Hans Brase

Personal information
- Born: September 15, 1993 (age 31) Charlottesville, Virginia
- Nationality: American / German
- Listed height: 6 ft 9 in (2.06 m)
- Listed weight: 229 lb (104 kg)

Career information
- High school: The Hill School (Pottstown, Pennsylvania)
- College: Princeton (2012–2017); Iowa State (2017–2018);
- NBA draft: 2018: undrafted
- Playing career: 2018–2021
- Position: Power forward / small forward
- Number: 30

Career history
- 2018–2019: Mitteldeutscher BC
- 2019–2020: Riesen Ludwigsburg
- 2020–2021: Hamburg Towers

= Hans Brase =

American-German basketball player

Hans-George Brase (Hans) (born September 15, 1993) is a retired American-German basketball player. He stands 6’9’’ (205 cm) tall and plays the forward position. He made 52 appearances in the German Basketball-Bundesliga.

== Career ==
Born in Charlottesville, Virginia, Brase spent parts of his early childhood in Germany, where his parents come from, before his family settled in Clover, South Carolina.

Brase attended Gaston Day School in Gastonia, North Carolina and transferred to the Hill School in Pottstown, Pennsylvania in 2010.

He committed to Princeton University in 2011 and joined the Tigers for the 2012–13 season.

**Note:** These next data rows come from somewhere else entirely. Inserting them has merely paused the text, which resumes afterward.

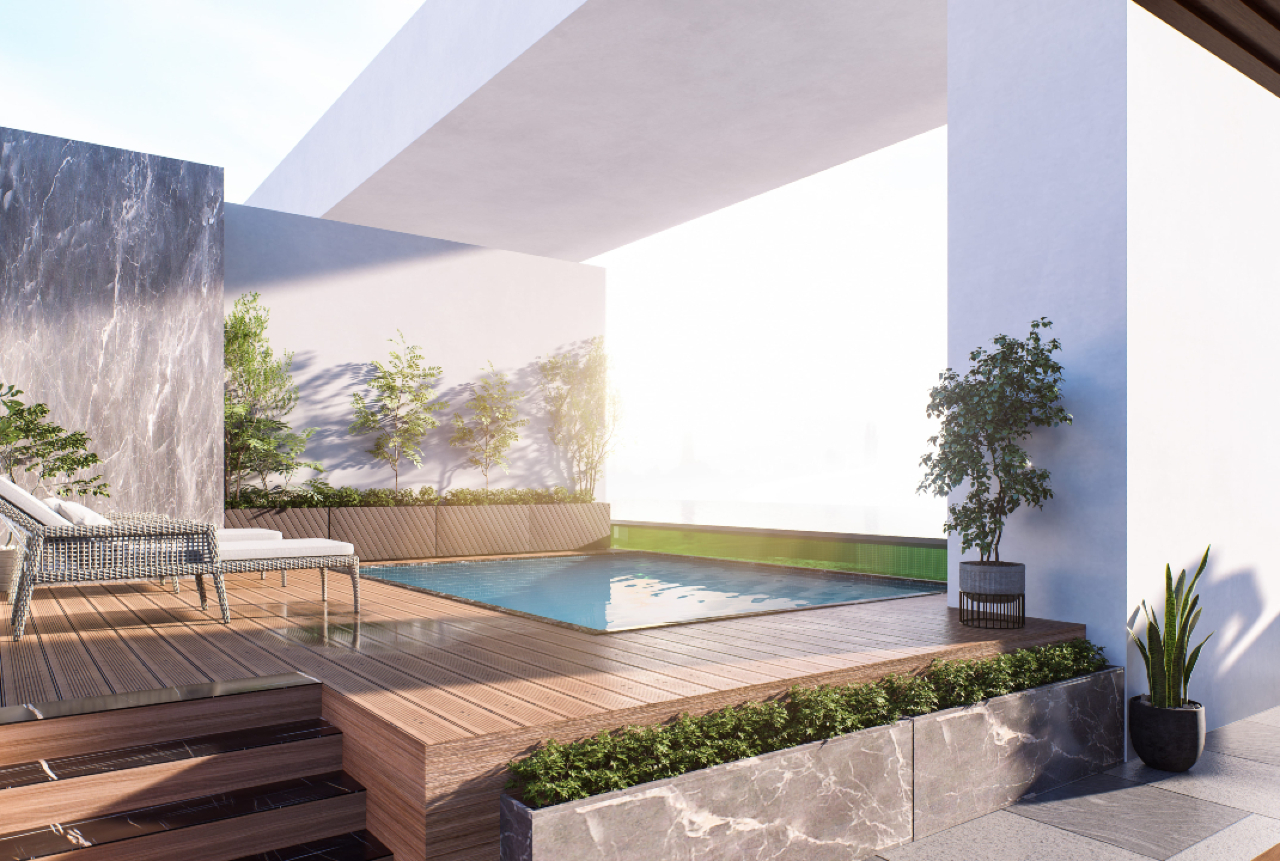 These magnificent residences feature glass corners in the living room, bedroom and bathroom, with complete and guaranteed privacy.
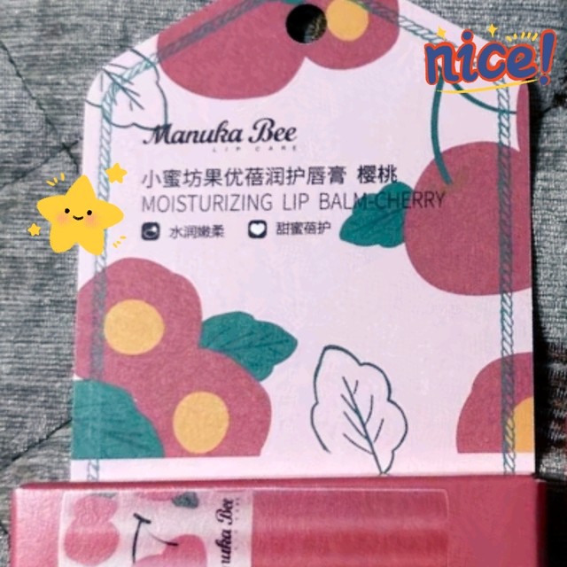 [小蜜坊果优蓓润唇膏]我买的是樱桃味的,已经用了很久了才来评,打开没有香精味,很好闻,膏体是白色的,涂上呈透明,很润推荐购买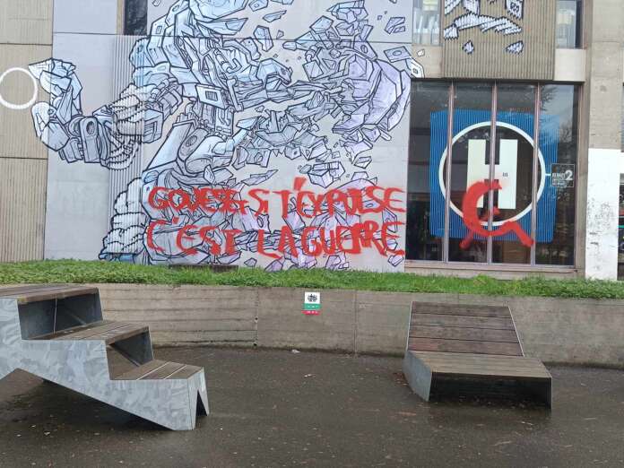 L’atmosphère se tend à Villejean. Sur la façade d’un édifice du campus, un message sans équivoque a été inscrit. « Gouesset, si t’expulses, c’est la guerre ! ». Cette menace directe s’adresse à Vincent Gouëset, président de l’université Rennes 2, qui s’est exprimé hier dans un courrier adressé à son personnel où il déplorait les nouvelles dégradations sur le campus après l’occupation du bâtiment B. « Nous nous inquiétons fortement de ces débordements, qui desservent la cause de la mobilisation», ajoutait-il.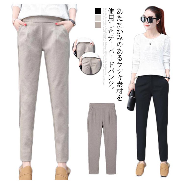 テーパードパンツ レディース ロングパンツ パンツ サルエル ボトムス ラシャ風 ゆったり 着痩せ シンプル 通勤 通学 お洒落 厚手 秋冬 美脚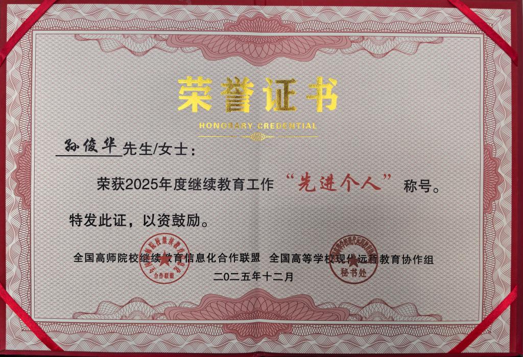 凭借扎实办学成效、鲜明特色优势及显著创新成果,获评“2025年度继续教育工作先进集体”, 学院孙俊华同志荣获“先进个人”称号,这是联盟对探花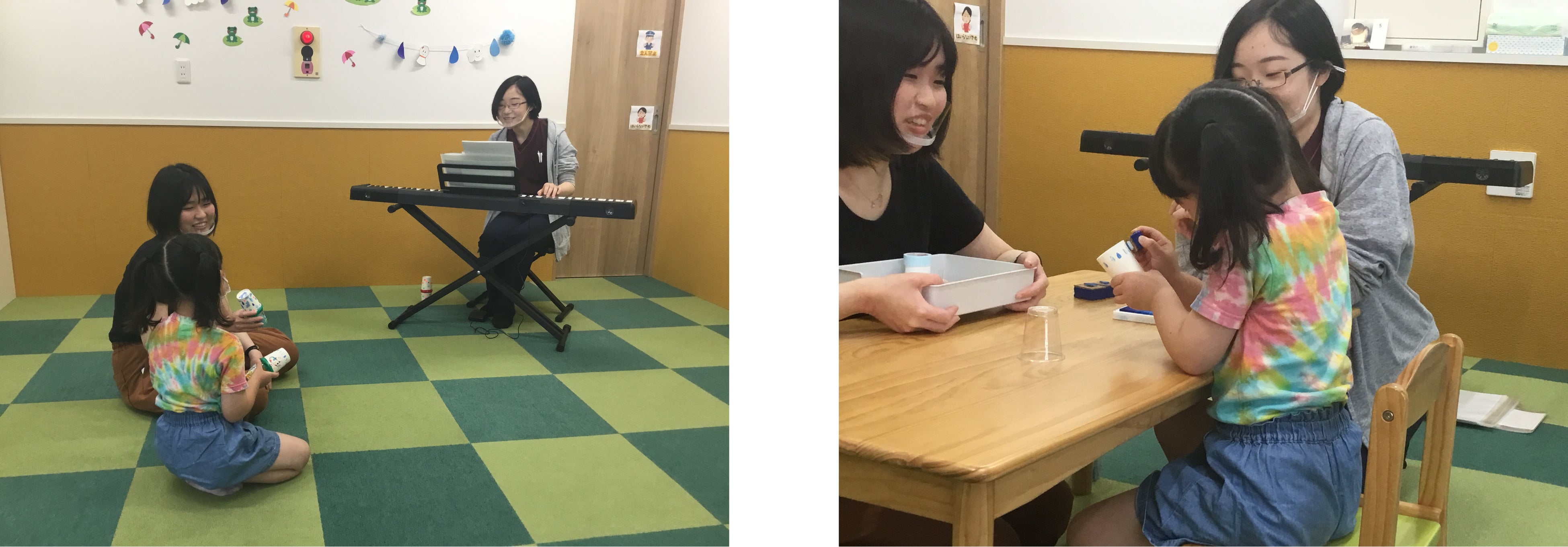 当社の発達支援事業所エントでは、難聴や言語発達にハンディがあり、言葉やコミュニケーションが苦手な児童に対する言語訓練を行っています。2022年4月から、新たに音楽療法士による「音楽療法プログラム」を導入しました。音楽のもつリラックス効果やコミュニケーション力を引き出す効果を利用することで、心身の障害の改善や生活の質の向上を目指していく療法です。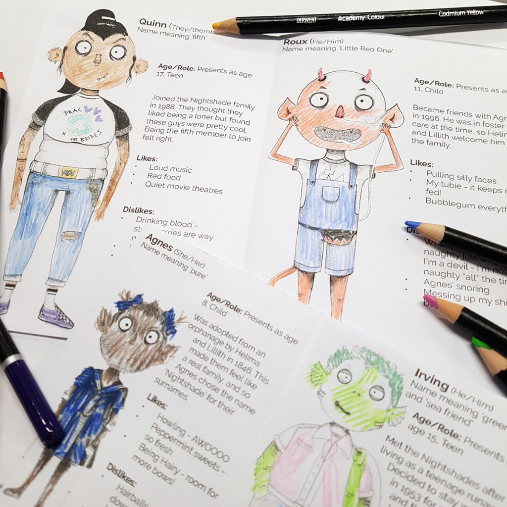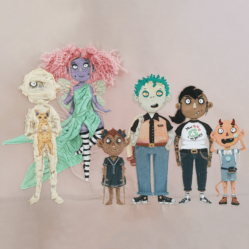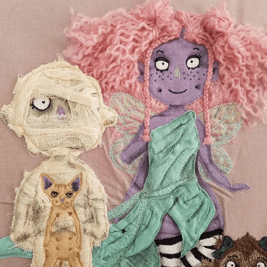 Using textiles and embroidery to document the tales of The Nightshade Family, intended to create a community quilt with story patches built up by children. A DIY zine helps the participants get to know each family member, design a family crest and begin the consider what stories the characters might have to tell!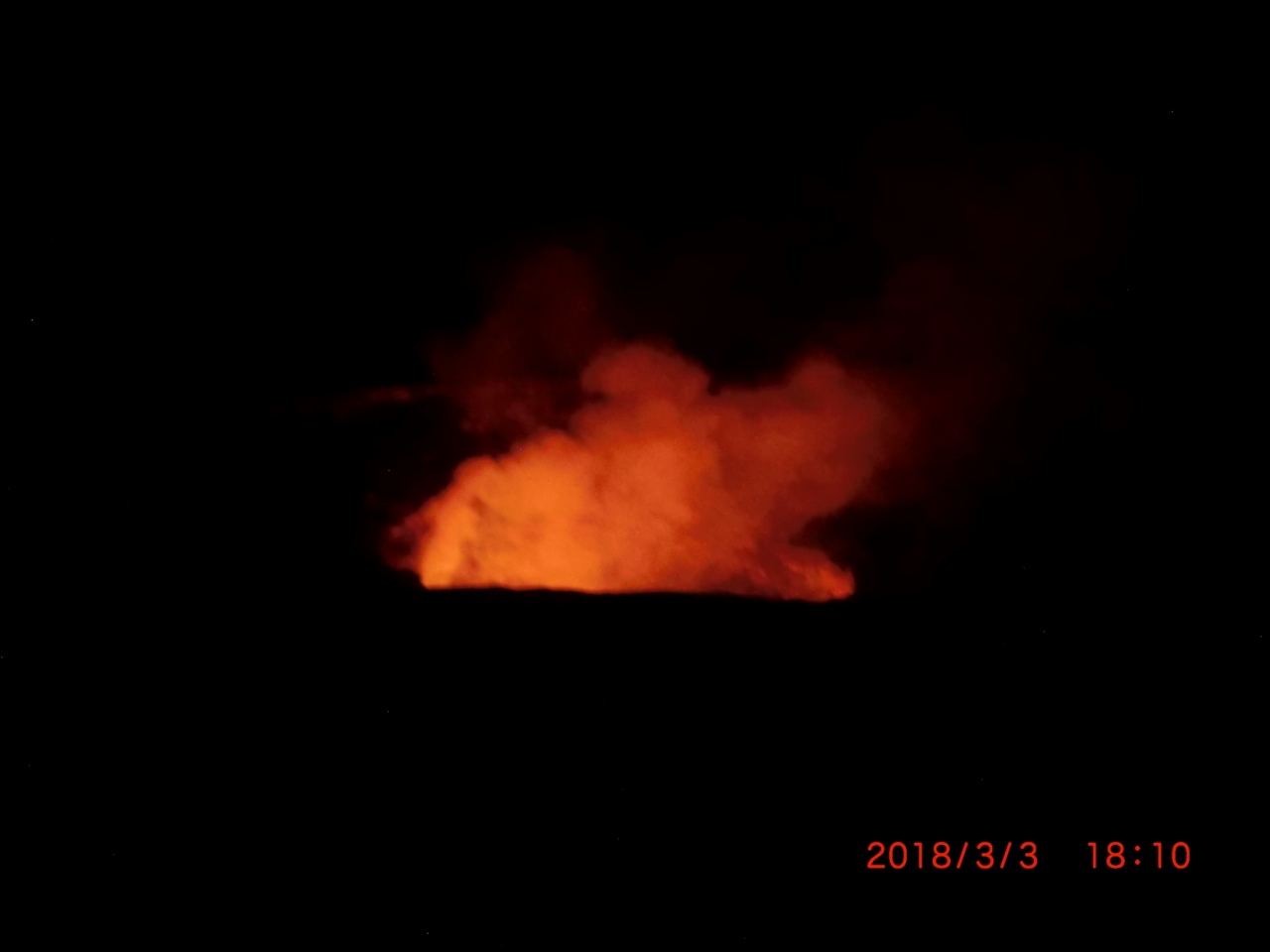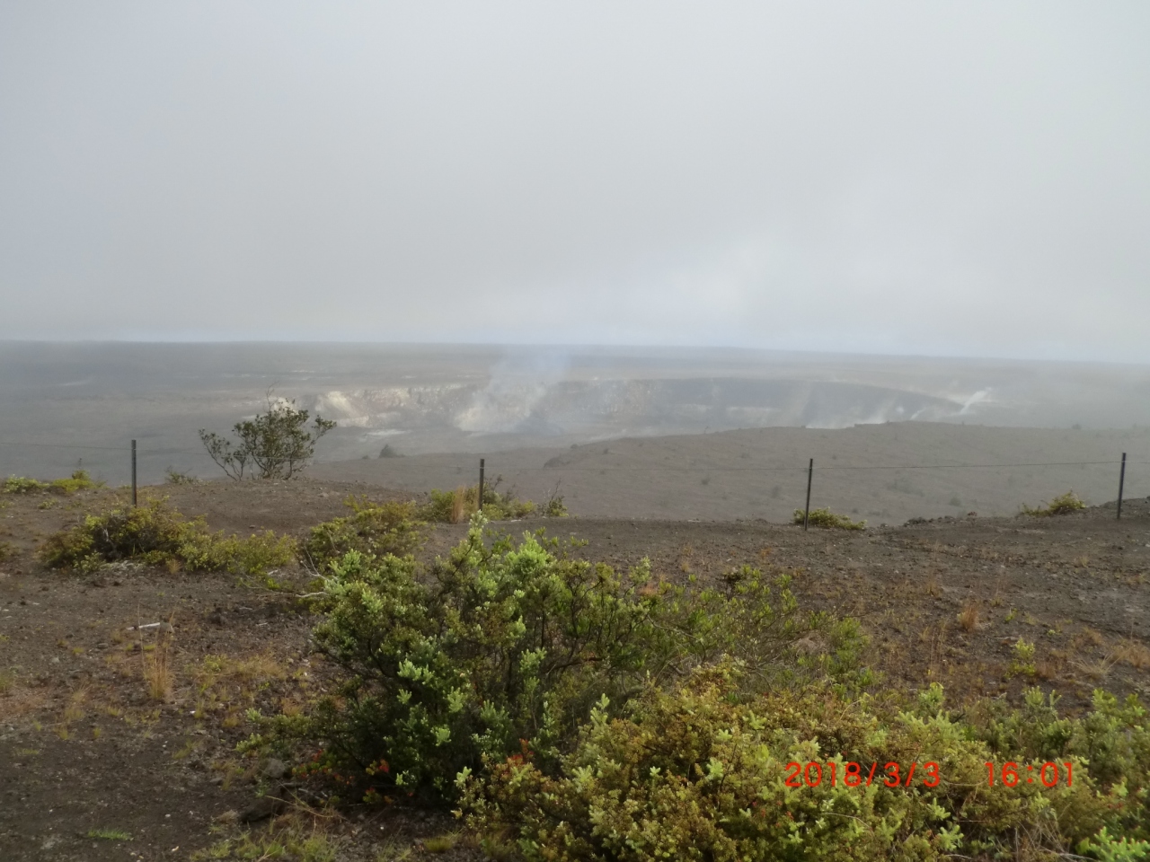 旅行会社C・T社のハワイ島巡りで行きました。カイルアコナからバスで3時間位かかりました。夕方着いて、まだ明るいうちに火口を見て(煙と火口)、夕食を食べに移動して、食後また火口を見に行きました。今度は火口が赤くなっているのが見えました。ガイドさんが言うには「昼間見て、夜も見ないと来た意味が無い」と言ってました。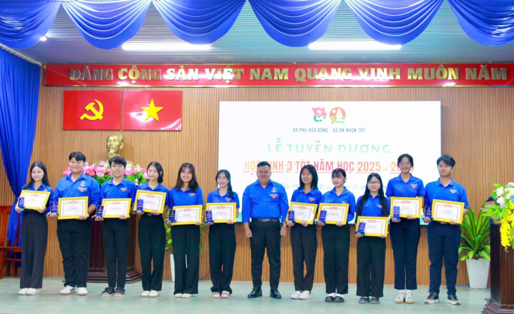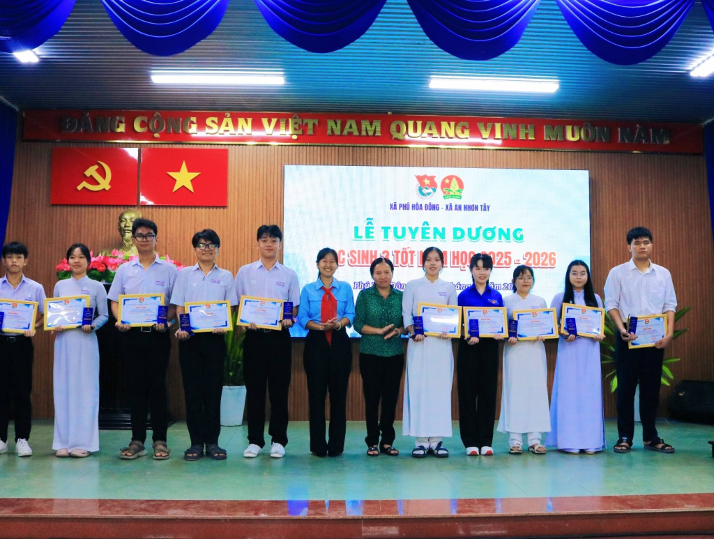 Ngày 18/01/2026, tại Hội trường Đảng ủy xã Phú Hòa Đông, Đoàn Thanh niên xã Phú Hòa Đông – xã An Nhơn Tây long trọng tổ chức Lễ tuyên dương danh hiệu “Học sinh 3 tốt” năm học 2025–2026 cho 31 học sinh tiêu biểu Trường THPT Trung Phú, THPT Phú Hòa và THPT An Nhơn Tây trên địa bàn 02 xã.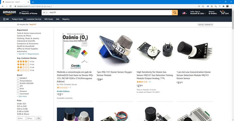 As follows, the [MQ-131] sensor used in the book [Arduino Sensors for Everyone] can be purchased at Ali Express, Amazon.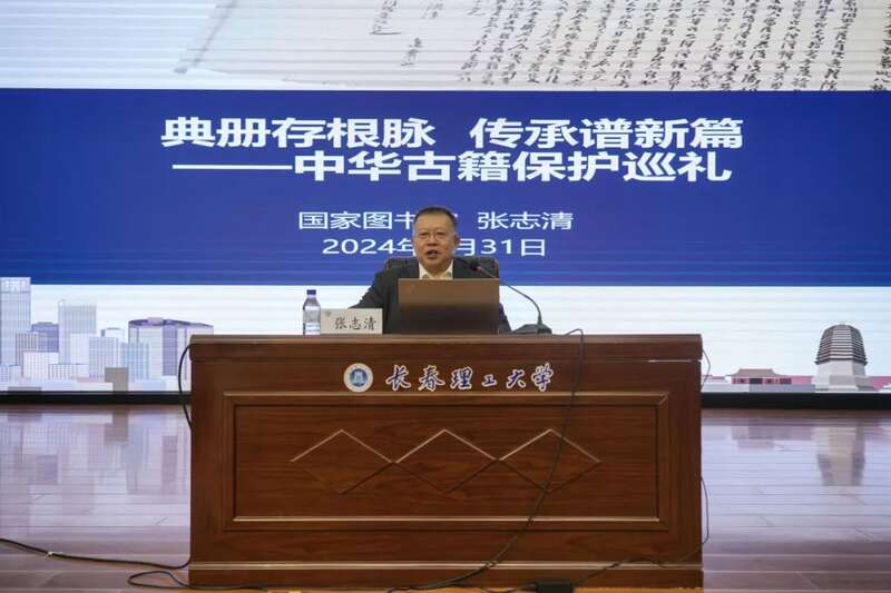 启动仪式上,吉林省图书馆向长春理工大学图书馆赠送了馆藏的高仿古籍宋版书《昭明文选》。启动仪式后,国家图书馆(国家古籍保护中心)常务副馆长张志清以“典册存根脉,传承谱新篇——古籍保护巡礼”为题,以国家图书馆馆藏珍贵古籍的保护与传承为例,讲述了古籍的历史与文化,阐释了古籍保护在传承中华优秀传统文化中的重要价值。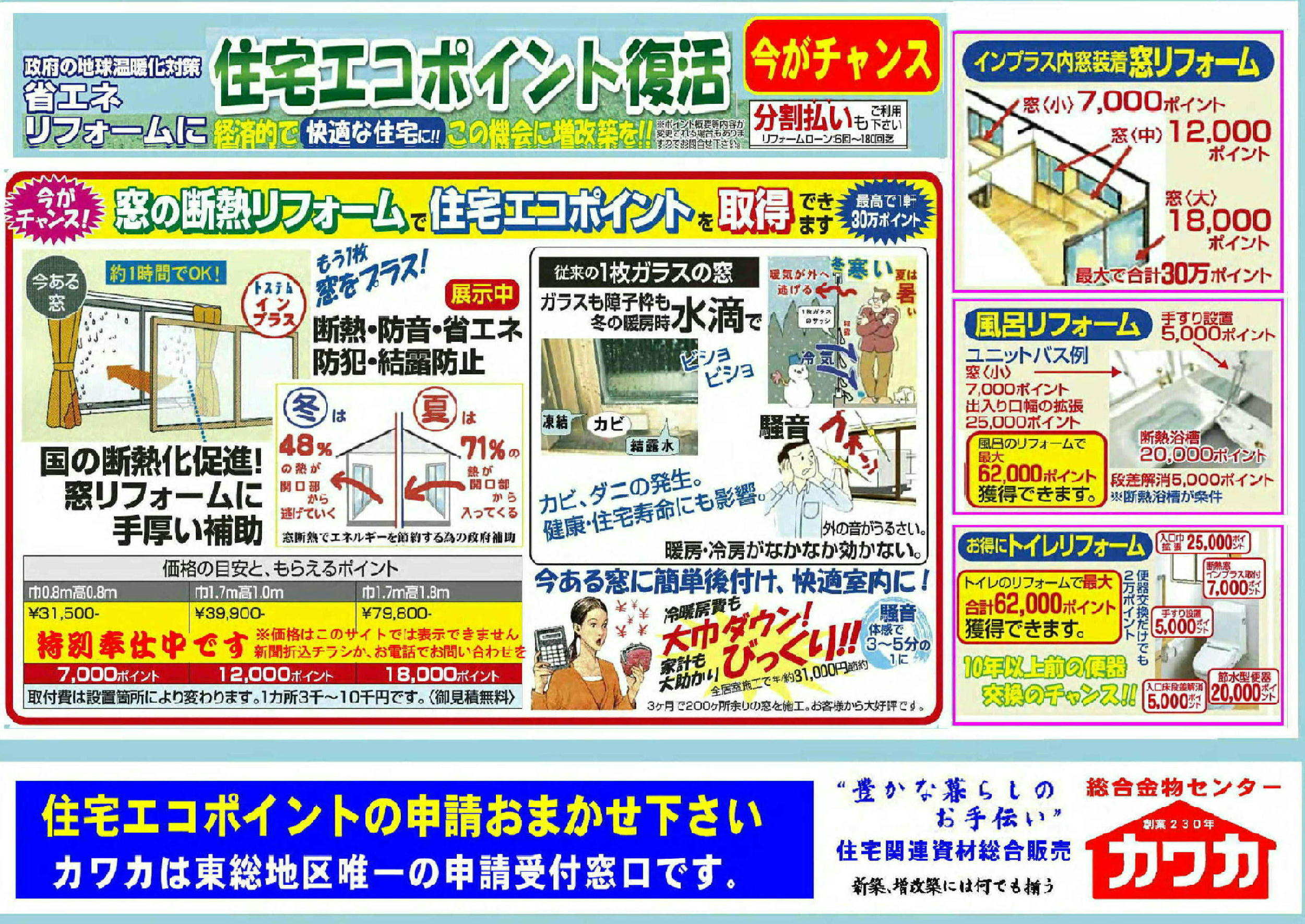 住宅エコポイント復活しました。リフォームのチャンスです。本年度末までですが予算がなくなり次第終了します。 断熱窓リフォーム、風呂リフォーム、トイレリフ...

During his freshman season, he received Ivy League Rookie of the Week honors on December 24, 2012. As a sophomore (2013–14), Brase led the team in rebounding (5.7rpg) and was the team's second-leading scorer with 11.2 points a contest. As a junior (2014–15), Brase once again led the Tigers in rebounding (7.5rpg) and was the team's second-leading scorer with 11.5 points a contest.

In November 2015, prior to his senior season, Brase sustained a torn ACL and missed the entire 2015–16 campaign. He suffered another injury to his right knee in December 2016, which ended his senior season as well as his playing career at Princeton. Brase played five games as a senior, averaging 6.4 points and 2.8 rebounds a contest. As the Ivy League does not allow medical redshirts, he transferred to Iowa State for a fifth year of college basketball.

In Mai 2018, he signed his first contract as a professional basketball player, inking a deal with Mitteldeutscher BC of the German Basketball Bundesliga. In his first season as professional basketball player, Brase averaged 5.2 points and 3.4 rebounds a game in 23 Bundesliga contests. In June 2019, he signed with fellow Bundesliga side Riesen Ludwigsburg. In the 2019–20 season, he reached the Bundesliga finals with Ludwigsburg, where he and his team fell short to Alba Berlin.

Brase signed with Bundesliga team Hamburg Towers on August 4, 2020.

== National team ==
Brase plays internationally for Germany. In 2013, he attended the under-20 European Championships in Estonia. During the summer of 2014, he played in friendly tournaments across Europe ultimately culminating in a six team tournament in China. He won silver at the 2015 World University Games in South Korea after losing to the Kansas Jayhawks, who were representing the United States, in the gold medal game. Brase led the team in scoring and rebounding as their only defeat in the tournament was to Kansas in double overtime.

== Personal info ==
Brase's sister Marie-Luise played basketball at Colgate University, his brother Janpeter was a member of the St. Lawrence University basketball team.